We also aim to cross-pollinate and synergize the fields of electrochemistry and microelectronics. These fields are united by the crucial role of current and voltage in obtaining functionality. Key thrusts involve understanding electrochemical processes in the length, time, and operational environmental of microelectronics. We also seek to use the tools of microelectronics to better understand fundamental electrochemical processes.

Reference: Y. Li and W. C. Chueh, “Electrochemical and Chemical Insertion for Energy Transformation and Switching.” Annual Reviews for Materials Research. 48:137-165 (2018)

Electrochemical redox memory

Machine learning and artificial intelligence require large data centers, consume extraordinary amounts of energy, will soon be major contributors to climate change. How can we make AI more energy efficient?

The energy intensity of of data-heavy processes like AI result from the need to move information from logic to processor elements. Neural networks can be 1000x more energy efficient by computing on a memory crossbar using physics (Ohm’s & Kirchoff’s Laws) to perform matrix multiplications, the most ubiquitous process.

Neuromorphic comptuting containing crossbar arrays of non-volatile memory elements enable orders of magnitude reduction in the energy consumption of data-intensive processes like machine learning.

For the past several decades, most research in the nonvolatile memory element have focused onto filament-based information storage elements like memristors and phase-change memory.

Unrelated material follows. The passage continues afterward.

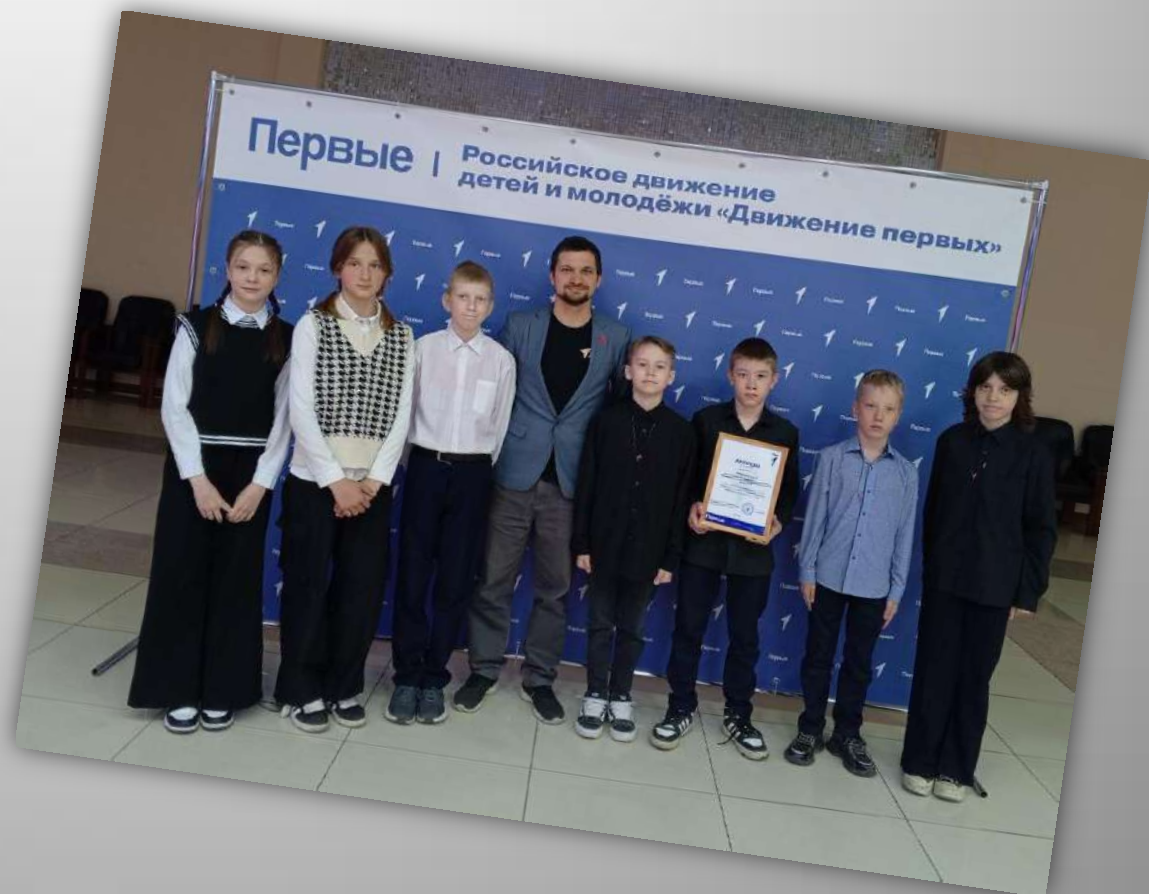
Муниципальное общеобразовательное учреждение средняя общеобразовательная школа № 8

In such devices, information is stored in discrete numbers of point defects within the filament. Due to kinetic theory, individual atoms follow random, stochastic motion, leading to memory devices with irreproducible and stochastic switching.

Our approach is to use the average behavior of all point defects in the bulk. With over 106 lattice sites in a small (30-nm)3 volume, the average behavior of all point defects is statistical. Harnessing this statistical behavior results in predictable and deterministic analogue switching.


Filamentary and bulk resistive memory. (a) Conventional filamentary memory devices store analogue information states in atomic-sized filaments. (b) Such devices switch stochastically due to the discrete nature of atoms in the filament and kinetic theory. (c) Bulk memory instead stores information using the point defect concentration, a continuous variable. (d) Bulk memory yields deterministic switching.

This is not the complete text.